A logistic regression model including the propensity score and quartile of age of blood, with polynomial terms up to degree 4, was used to examine the relationship between age of blood and adverse outcomes. The model was developed using the actual propensity score and quartile of age of blood received, and then the probability of adverse outcome at each age of blood quartile for each patient calculated using this model and the estimated propensity scores for unobserved quartiles, giving the expected proportion of adverse outcomes for each quartile. Confidence intervals were calculated using 1000 bootstrap samples [9, 12].

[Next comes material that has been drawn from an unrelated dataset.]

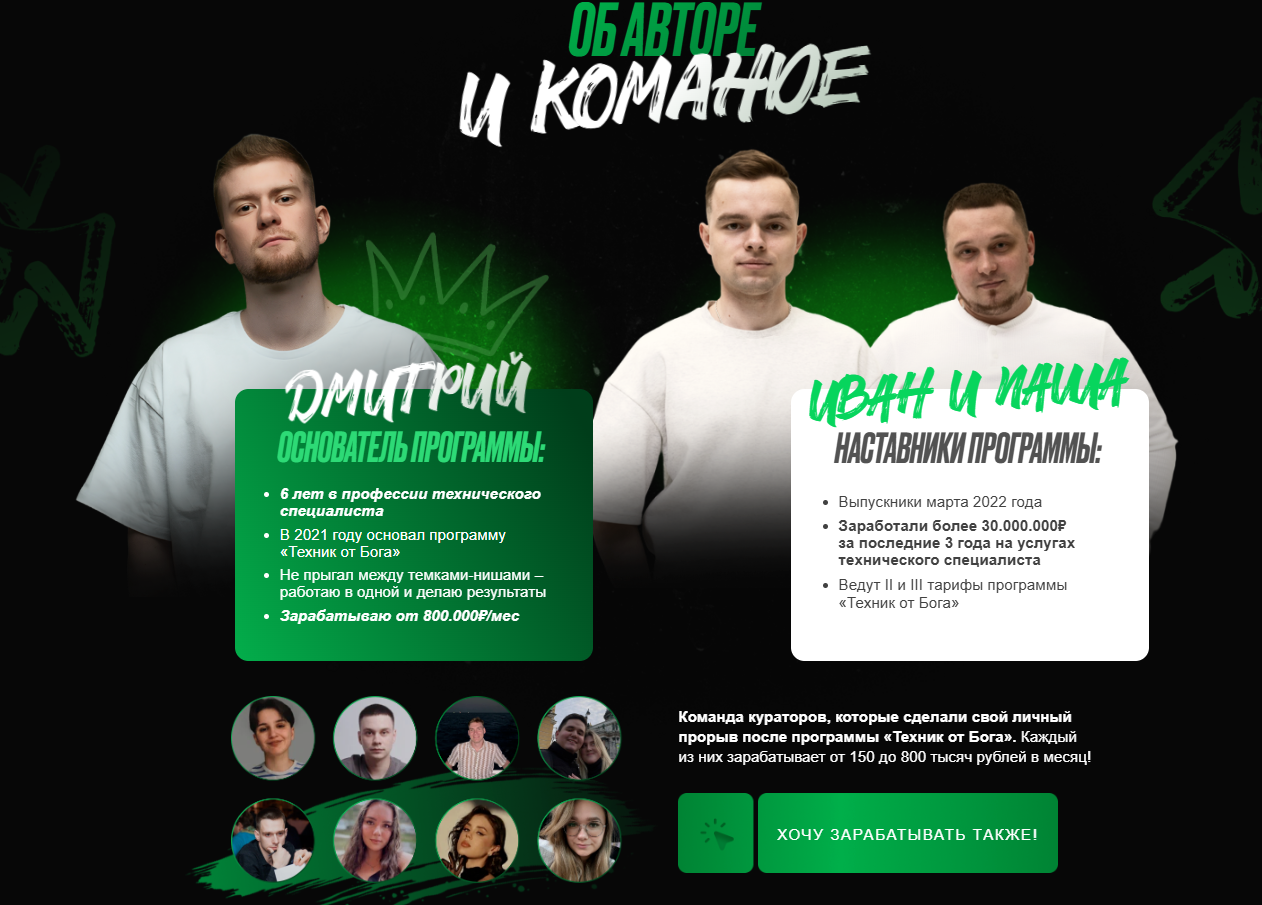 Кроме Дмитрия Леншина, в команду создателей курса также входят наставники Иван и Паша – они якобы закончили обучение в 2022 году и сами уже готовы преподавать.

Method 3: generalized propensity score-continuous exposure

A linear regression model was built to predict age of blood received (as a continuous variable), considering supply and maternal factors. The analysis followed the method outlined above for quartiles, using each day of age of blood (days 1–42), instead of quartiles, and using the predicted age of blood as a balancing score. The assumption of constant variance on the multiple linear regression used to construct the propensity score was necessary to create a scalar balancing score and appeared reasonable. The regression model was built considering age of blood as a continuous variable [12]. Rates of adverse events were calculated for each approach, summarized by decile of age of blood.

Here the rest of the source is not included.